WHAT IS BEING ASKED:
Reproduce exactly only the lines from the line that holds "据券商中国,汪潮涌最后一条微" to the line that holds "디자인이 예뻐서 다양한", inclusive, in the listing below, and please leave out every picture.

MATERIAL SHOWN:
*** Block opens ***
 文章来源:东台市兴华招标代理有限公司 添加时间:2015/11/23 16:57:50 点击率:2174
*** Block closes ***
*** Block opens ***
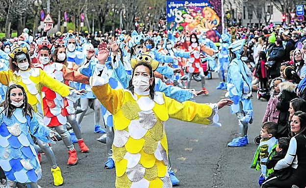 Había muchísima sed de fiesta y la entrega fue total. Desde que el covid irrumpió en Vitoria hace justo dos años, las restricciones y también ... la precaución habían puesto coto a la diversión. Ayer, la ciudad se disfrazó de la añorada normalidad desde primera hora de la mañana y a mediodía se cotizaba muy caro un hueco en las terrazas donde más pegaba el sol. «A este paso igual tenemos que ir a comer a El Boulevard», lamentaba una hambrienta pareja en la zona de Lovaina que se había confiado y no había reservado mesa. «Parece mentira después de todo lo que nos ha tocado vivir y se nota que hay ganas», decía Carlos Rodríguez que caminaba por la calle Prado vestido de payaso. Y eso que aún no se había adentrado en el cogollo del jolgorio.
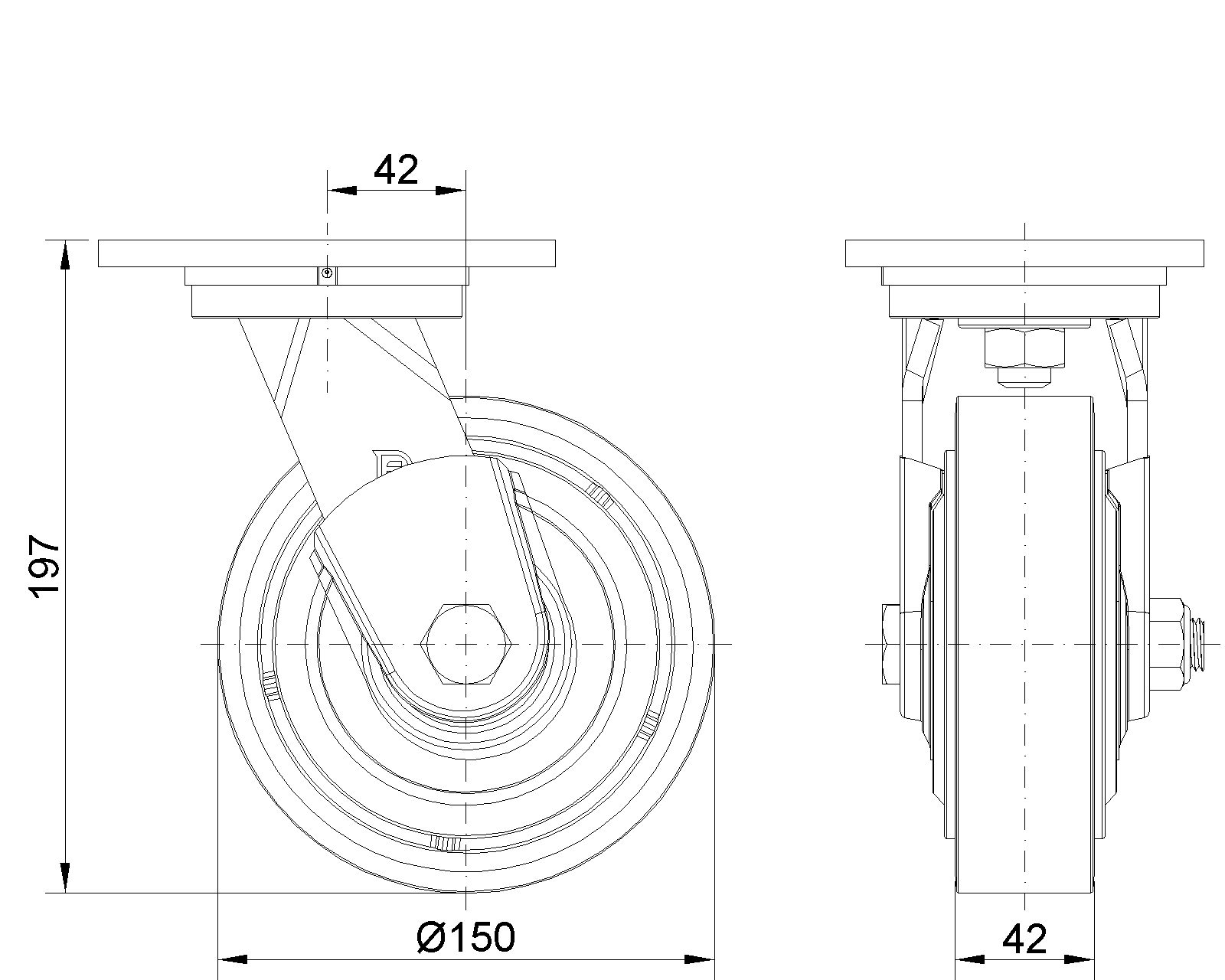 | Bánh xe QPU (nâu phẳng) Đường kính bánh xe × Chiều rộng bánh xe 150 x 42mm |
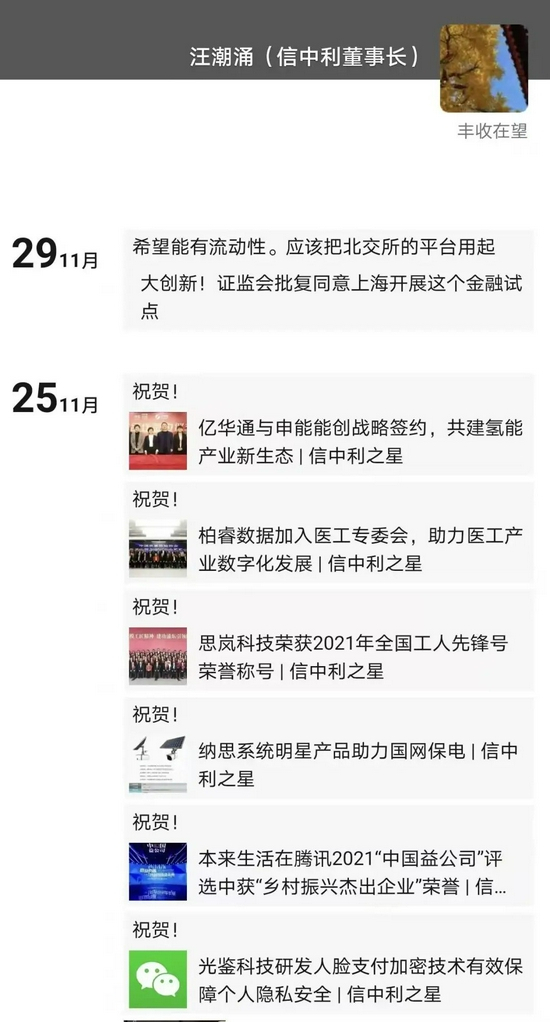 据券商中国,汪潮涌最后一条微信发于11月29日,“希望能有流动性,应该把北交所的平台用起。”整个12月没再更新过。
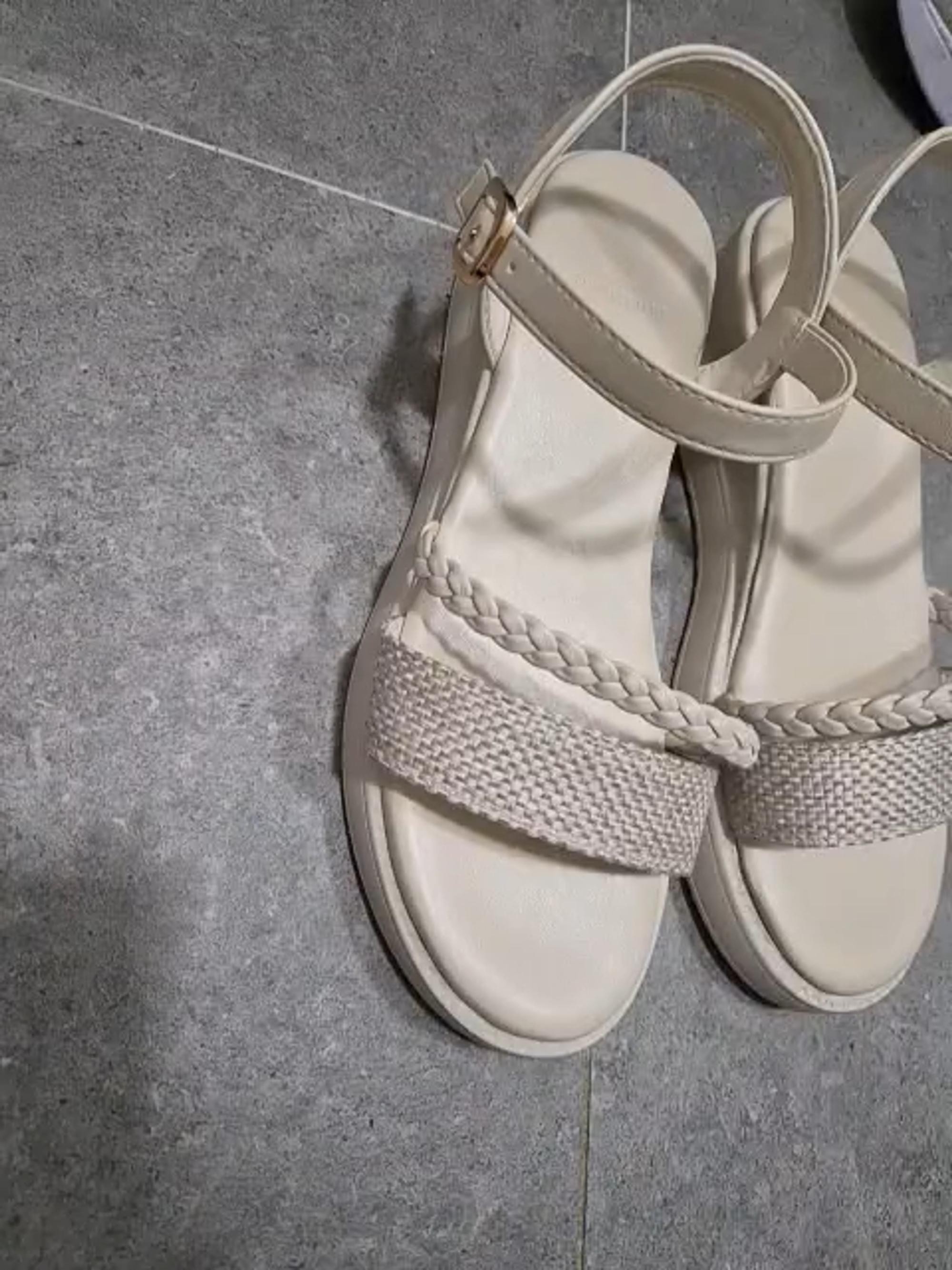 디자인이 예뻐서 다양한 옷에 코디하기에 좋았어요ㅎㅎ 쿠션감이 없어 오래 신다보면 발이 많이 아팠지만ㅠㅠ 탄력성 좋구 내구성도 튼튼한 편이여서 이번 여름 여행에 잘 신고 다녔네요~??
*** Block closes ***
WRITTEN RESPONSE:
 据券商中国,汪潮涌最后一条微信发于11月29日,“希望能有流动性,应该把北交所的平台用起。”整个12月没再更新过。
 디자인이 예뻐서 다양한 옷에 코디하기에 좋았어요ㅎㅎ 쿠션감이 없어 오래 신다보면 발이 많이 아팠지만ㅠㅠ 탄력성 좋구 내구성도 튼튼한 편이여서 이번 여름 여행에 잘 신고 다녔네요~??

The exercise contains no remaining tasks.